# Do You Know These People? - Camera Found on Upper Missouri River Breaks



## wasiel

I found a camera in the mud on the Upper Missouri River Breaks, Halfway between Coal Banks and Judith Landing. The camera is a Nikon Coolpix S9100. The camera is a total loss, but I was able to recover the pictures from the SD Card. The photos were taken on 5/18/17 through 5/21/17. I am posting the pictures that have people in them in the hopes I can find the owner. The images are located here https://1drv.ms/f/s!AoQPmBfU2QIXjjJGYUiMqQQlLBoI
I believe the owner of the camera is this person









My email address is [email protected]

Thanks!

Jeff


----------



## wasiel

I believe the camera owner is the person shown in the first picture.


----------



## littlefoot

*Emailed the rental company....*

I love solving mysteries (and also helping lost photos find their owners), so I looked up the canoe rental company and passed along the post and the website you posted the photos to.
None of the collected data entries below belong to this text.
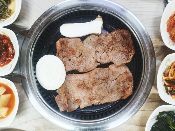 넓적한 갈비를 불판에 잘 구워 먹기 좋게 가위로 자르고 고기 한 점을 한 입에 쏙 넣으면 담백하고 달착지근한 맛이 입안에서 살살 녹는다. 짝 감기는 맛과 입안 가득 감도는 양념 맛이 상당히 매력적이다.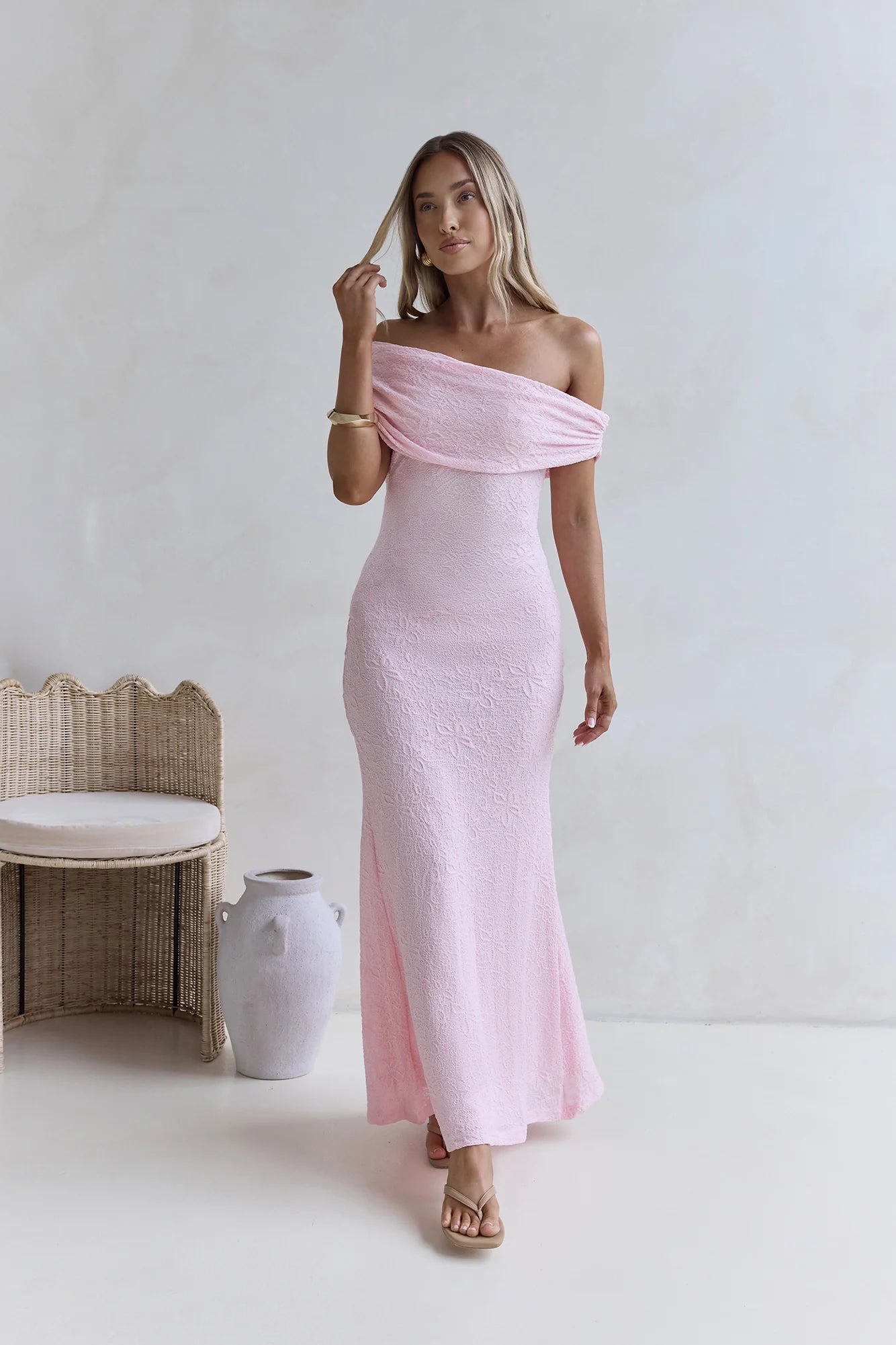 Own every evening in the Sea And Selfies Off Shoulder Maxi Dress. Designed in stretch, textured fabric, this off-the-shoulder style hugs in all the right places before flowing effortlessly for a dramatic, flirty finish. Perfect for parties or any occasion where you want to turn heads and slay the night.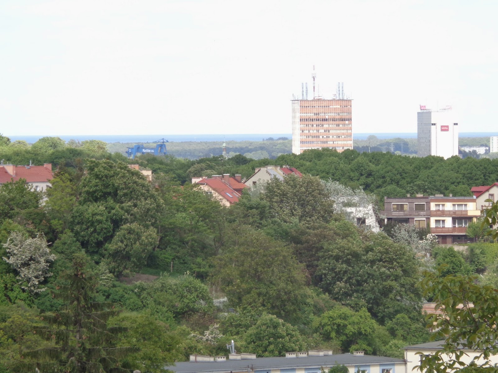 Schody zaprowadziły mnie do ulicy Zakosy, gdzie po drugiej stronie domy przy najpewniej Skarpowej ładnie “tona” w zieleni 🙂 Dalej udałem się właśnie wcześniej wymienioną ulicą Zakosy. Chwila spaceru, po lewej kończą się domy i jest dróżka oraz schody w dól. Spoglądam przed siebie, w dal i… Przepiękny widok ! Na pierwszym planie, bardziej u dołu zabudowa Siedlec i dużo zieleni a dalej znane obiekty w Śródmieściu dla których tłem jest Bałtyk. Z centrum miasta widać np Basztę Jacek, Kościoły Św. Jana, Św. Mikołaja i oczywiście Bazylikę Mariacką oraz mniej oczywisty Sad Rejonowy. Dalej Most Wantowy, lasy i oczywiście morze. Piękny krajobraz, głównie ze względu na “spotkanie” takich elementów jak budynki w centrum i Bałtyk. Dość rzadko spotyka się takie zestawienie, dlatego więc uważam to miejsce za wyjątkowo piękne. Cóż, idę dalej gdyż cel jest jeden 😉 Kawałek dalej, przy ulicy Brukowej ponownie zauważam wspaniałą perspektywę w stronę Bałtyku, ile jeszcze, pomyślałem…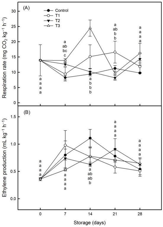 Effects of the post-ripening period on (A) respiration rate and (B) ethylene production of Jin Huang mango during storage at 4 °C. The control group (CK; ●) was without any treatment; the T1 group (○) was ripened with 500 ppm ethylene at 20 °C for 1 day; the T2 group (▼) was ripened with 500 ppm ethylene at 20 °C for 1 day and ripened at 20 °C for 1 day; the T3 group (△) was ripened with 500 ppm ethylene at 20 °C for 1 day and ripened at 20 °C for 2 days. The vertical bar represents the standard errors of the mean. Values with different letters indicate significant differences (p < 0.05).

Good luck!


----------



## wasiel

littlefoot, I checked the date stamps on the files and the pictures that have file names that begin with "DSCN" were taken on 5/18/17 through 5/21/17. The pictures that have file names that begin with "DSCF" were taken on 5/29/15 through 6/6/15. Thank you for your help!


----------



## skiergirl

You might be able to add it to your facebook page and it might auto detect who it is?


----------